Calculues Questions

1. Feb 12, 2010

TheForumLord

1. The problem statement, all variables and given/known data

A. Let $$g(x)= \sigma\frac{1}{sqrt(n)}(x^{2n}-x^{2n+1})$$
Prove g(x) is continous in [0,1].

B. Let f be a function such as f(0)=1 and there's a neighouhood of x=0 in which :
$$f ' (x)= 1+(f(x))^{10}$$ .
Find the MacLorin Polynom of degree 3 of f(x).

2. Relevant equations
3. The attempt at a solution

2. Feb 12, 2010

Staff: Mentor

For A you need to show that g is continuous at each point in [0, 1]. What's the definition of continuity of a function at a point? Do you have to do this by using the definition of continuity or can you use the fact that this is a polynomial and all polynomials are everywhere continuous?

For B you need f(0), f'(0), f''(0), and f'''(0). You already are given that f(0) = 1, and you have f'(x), which you can evaluate at x = 0.

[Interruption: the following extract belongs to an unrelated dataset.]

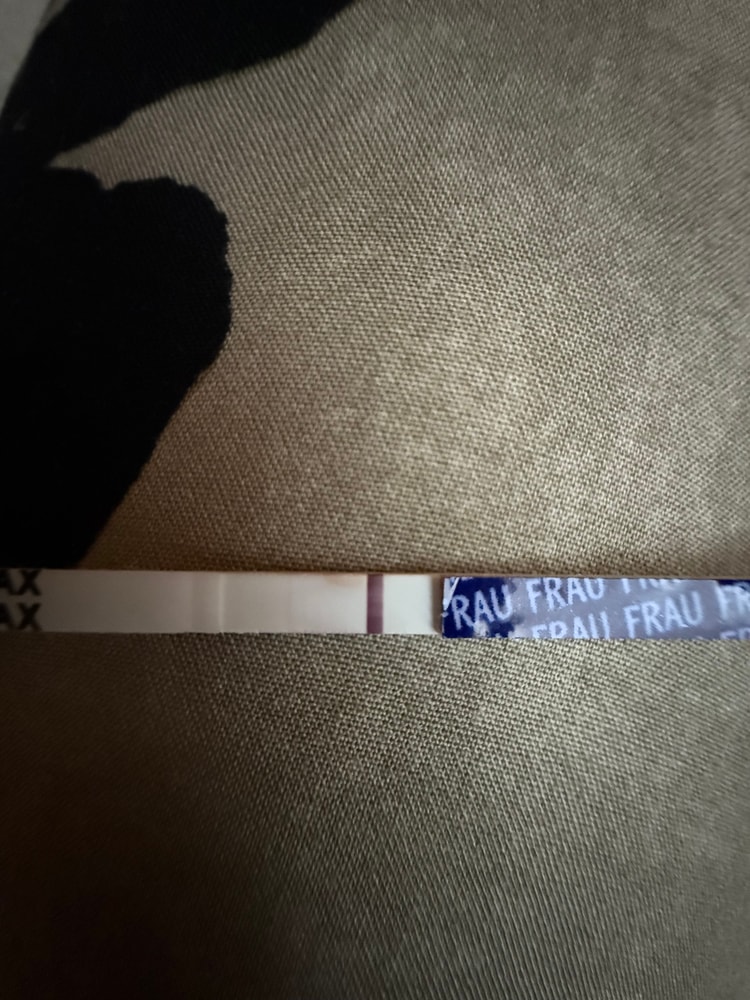 Купите нормальный тест, и сделайте. На фрау наверное реагент. Очень тонкая без форменная полоска. Эви покажет если там что-то есть
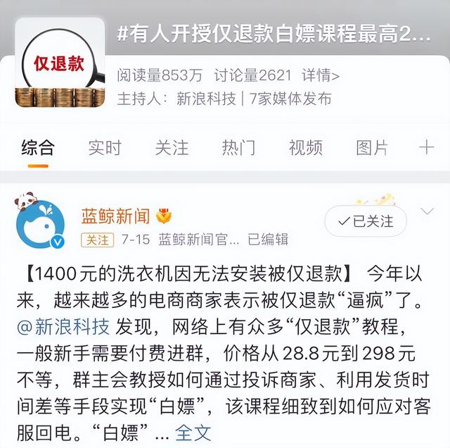 不过,今年以来,涉及到“仅退款”关键词的消息频频登上热搜,网上甚至出现了众多相关教程,新手付费进群后学习通过投诉商家、利用发货时间差等手段实现“白嫖”,课程详细到应对客服回电的方法等。

To find f''(0), you need to find f''(x), which you can do by differentiating f'(x), and then evaluate f''(x) at x = 0.
To find f'''(0), differentiate f''(x), and then evaluate at x = 0.

3. Feb 12, 2010

LCKurtz

That's "Maclaurin Polynomial".

Well, don't you just need f(0), f'(0), f''(0) and f''(0) to calculate that series? You are given formulas for f(0) and f'(x). You must need a couple more derivatives. You might need the chain rule. Show us your derivatives.

4. Feb 13, 2010

TheForumLord

Well, B is completely understandable...
About A->I need to show it's continous using power-series theorems...If I'll prove that the given power-series is convergeing uniformly to g - I'll be done...I've no idea about it...
I'll be delighted to get some help

Thanks!

5. Feb 13, 2010

HallsofIvy

Staff Emeritus
Power series? g(x) is a polynomial! You don't need to worry about any power series or convergence! A is not asking about a limit as n goes to infinity is it? It is just about a single polynomial for a fixed value of n.

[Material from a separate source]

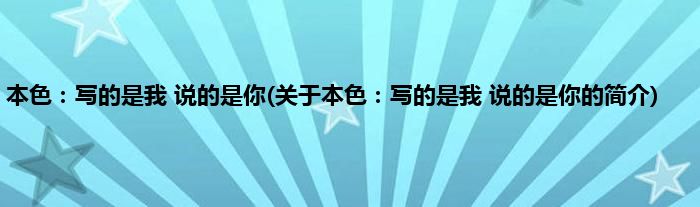 本文关于本色:写的是我,说的是你的简介就讲解完毕,希望对大家有所帮助。

Or was that $\sigma$ supposed to be $\Sigma$? That is, is this a sum over all n? In that case, because it is a power series, it converges uniformly inside its radius of convergence. You need only show that its radius of convergence includes [0, 1].

Last edited: Feb 13, 2010
6. Feb 13, 2010

TheForumLord

That's excatly what I can't understand....how can I find the eadius of con. in this specific case?

tnx

7. Feb 13, 2010

Staff: Mentor

TheForumLord,
A fair amount of time has been wasted because we didn't understand what you were trying to communicate. It has now come to light that your first problem problem is a summation. The Greek alphabet has upper case letters and lower case letters. In particular, upper case sigma, $\Sigma$, is used to represent summations. Lower case sigma, $\sigma$, is used in statistics to represent the population standard deviation. I interpreted $\sigma$ in this problem as a constant. It didn't occur to me that you really meant a summation.

Also, at this stage of your mathematical education, you really ought to learn how to spell "calculus." It's clear to me that you're not likely to be in the finals of a math spelling bee, but at least get calculus right.

8. Feb 13, 2010

TheForumLord

Dear Mark44... My english is pretty lame indeed but in this particular case, writing calculus in a wrong way was just a typing mistake - which can occure to anyone....

I didn't know how to write Upper case sigma in Latex so plz don't judge me...

9. Feb 13, 2010

Staff: Mentor

Sure, anyone can make a typo, but you can eliminate at least some of them by looking over what you've written before you hit the submit button.
[ tex] \sigma[/tex] or [ itex] \sigma[/itex] (without the leading space) produces $\sigma$.
[ tex] \Sigma[/tex] or [ itex] \Sigma[/itex] (without the leading space) produces $\Sigma$.

Same for all the rest of the Greek letters.

10. Feb 13, 2010

TheForumLord

Thanks

11. Feb 14, 2010

HallsofIvy

Staff Emeritus
Better is \sum :
$$\sum$$.

By the way, just clicking on a formula in any post will show you the LaTex code used for it.

Your series can be written by separating the even and odd powers- it is $\sum a_mx^m$ with
$$a_m= \sqrt{\frac{2}{m}}$$
if m is even and
$$a_m= \sqrt{\frac{2}{m-1}}$$
if m is odd.
As for finding the radius of convergence, using the ratio test gives
$$|x|< \sqrt{\frac{m+1}{m}}$$
if n= 2m and
$$|x|< \sqrt{\frac{m}{m-1}}$$
if n= 2m+1

What is the limit of those as n goes to infinity?

Of course, you will need to check if the sum converges at x= 1 but that is easy.